Policy errors happen for many reasons. As Prime Minister Harold Macmillan famously remarked the major problem is ‘events, dear boy, events’. However, events in the UK were brought about by a lack of diversity of views within the Conservative party, by a lack of checks and balances in the policy making process, by a focus on short-term issues at the expense of long-term planning. This is exactly what elements of other political parties, notably certain Republicans, wish to bring about. Lessons have been learned; Jeremy Hunt has appointed a new economic council to provide economic advice, and gone out of his way to demonstrate joined up thinking with the MPC and OBR. Such changes were necessary but of course they are not sufficient to stabilise the situation. The risk premium for investing in UK assets, exemplified by the much wider spread of gilt above German bund yields, could well endure some time.
Longer term, governments need to push ahead with a stream of difficult, complex, politically contentious supply side and public sector reforms. They need to incorporate more universal income aspects into the tax and benefits system.

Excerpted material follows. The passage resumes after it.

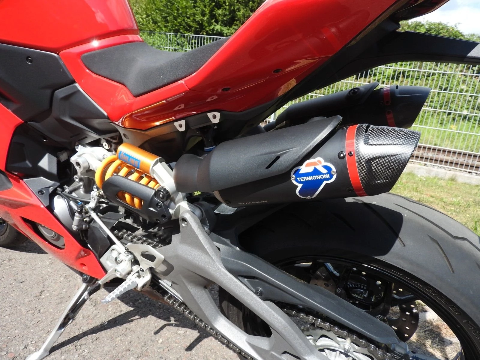 Es sind Termignoni-Endschalldämpfer (orig. Ducati mit e-Nummer) verbaut!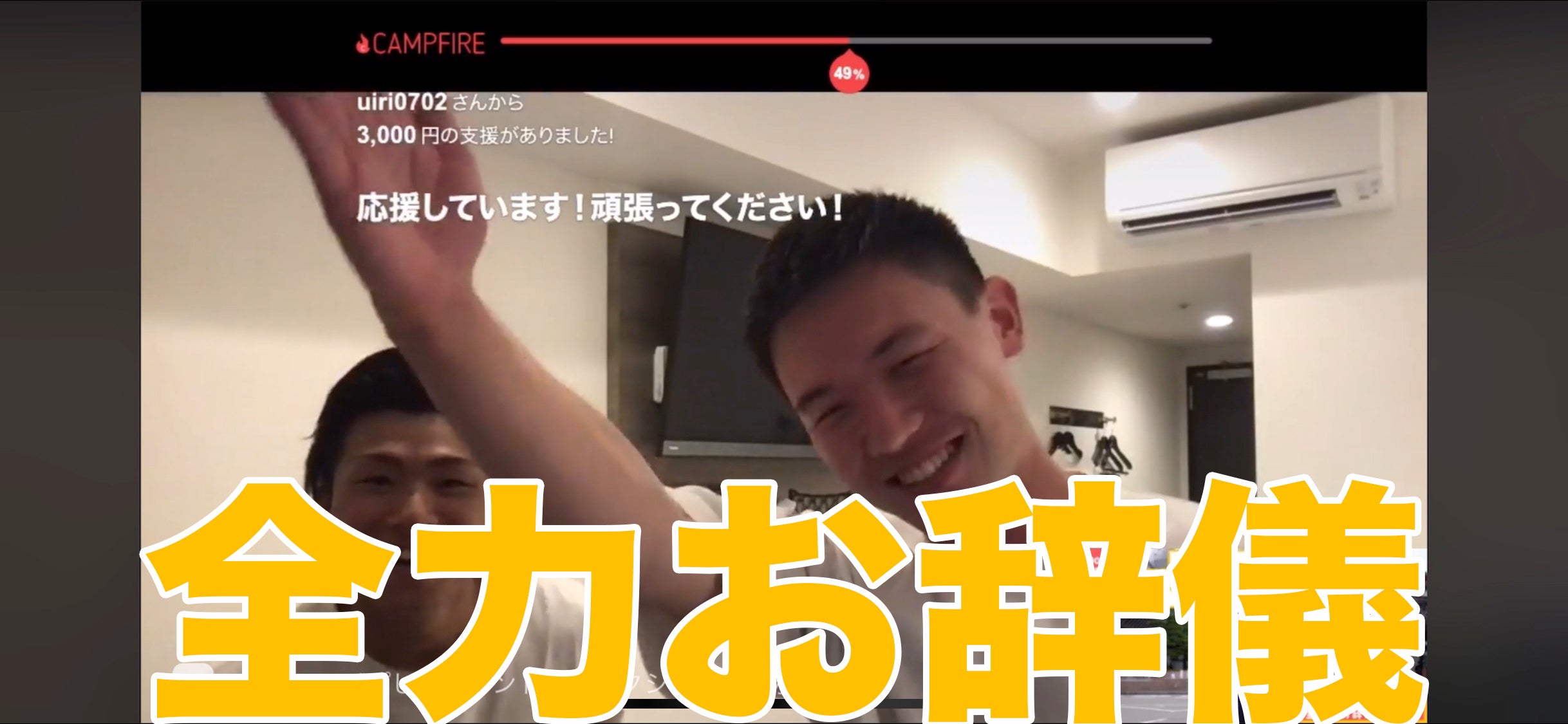 ライブ配信中にご支援をいただいた場合は【全力お辞儀】という、身体をはったパフォーマンスをさせていただいてます。ライブ配信中に投げ銭感覚で応援できるようにリターンに【全力お辞儀】という、ライブ配信用のリターンをご用意しています。

They must create targeted policies offering better protection for the poorest sections of society and improve health and social care in order to reduce the percentage of the population who have left the labour force due to long-term illness or caring commitments. They have to reduce carbon-based energy usage, encourage efficiency, and boost the take-up of cheaper renewable energy sources. They must reform and modernize education systems to meet the needs of business and society in the 21st century. All these are expensive.
Ultimately, governments are beholden to two different groups – the public via their representatives in parliament, and the financial markets. Sometimes those ‘constituents’ want different things. Today is one of those times. So long as quantitative easing (QE) was in place, the cracks could be papered over. But no longer—the bond vigilantes are back with a vengeance.